Of course it matters. Anyone writing atomic code is attempting to write very
efficient code and thus would want to know those details. But that wasn't the
point: the point is that the observable behaviour is the same. In the abstract
machine, there is no performance (good or bad). If you step outside of the
abstract machine, then it matters in different ways: for example, you couldn't
use a looping or mutex-protected atomic on an MMIO region or in memory shared
between processes.

> So, given this code:
>
> std::filesystem::path root("/a/");
> std::filesystem::directory_iterator di(root);
> for (auto const & entry : di)
> {
> // do something with di.path();
> }
>
> it should produce the same implementation-defined list of paths (as
> described above) in both runtime and constexpr contexts. Seems pretty
> obvious.

Directory listing is not necessarily deterministic. Two different users with
the same check out could have two different orders of the same list.
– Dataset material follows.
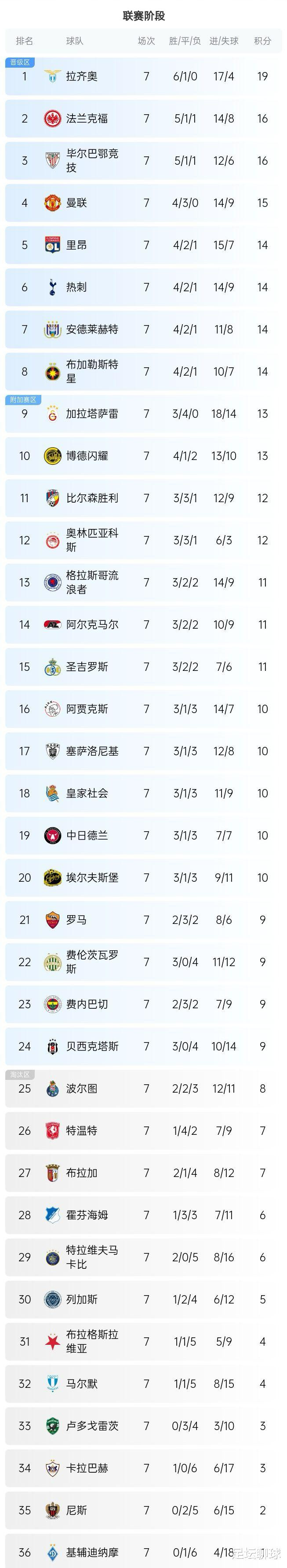 如今7轮过后,拉齐奥成为了首支直通十六强的球队,法兰克福、毕尔巴鄂同积16分,分列第二、第三,穆里尼奥的老东家之一曼联,豪取一波4连胜之后,积15分升至第四。

In fact,
nothing prevents the OS from reordering in the same system. The very act of
compilation could cause some background tool to run and modify the directory
in such a way the order changes on the next build.

You should apply a sorting on top and the constexpr environment ought to
require it. This in turn implies specifying what sorting it is. And then
consider the sorting of case-insensitive filesystems, filesystems that do
Unicode normalisation, and those that don't store bytes as the file names
(basically, think of macOS and Windows).

Speaking of Windows, how about file sizes and "text" reading, that is, the CRLF
to LF translation? Should text be allowed? What happens to content that is
loaded into the compilation with different CRLF settings depending on the OS?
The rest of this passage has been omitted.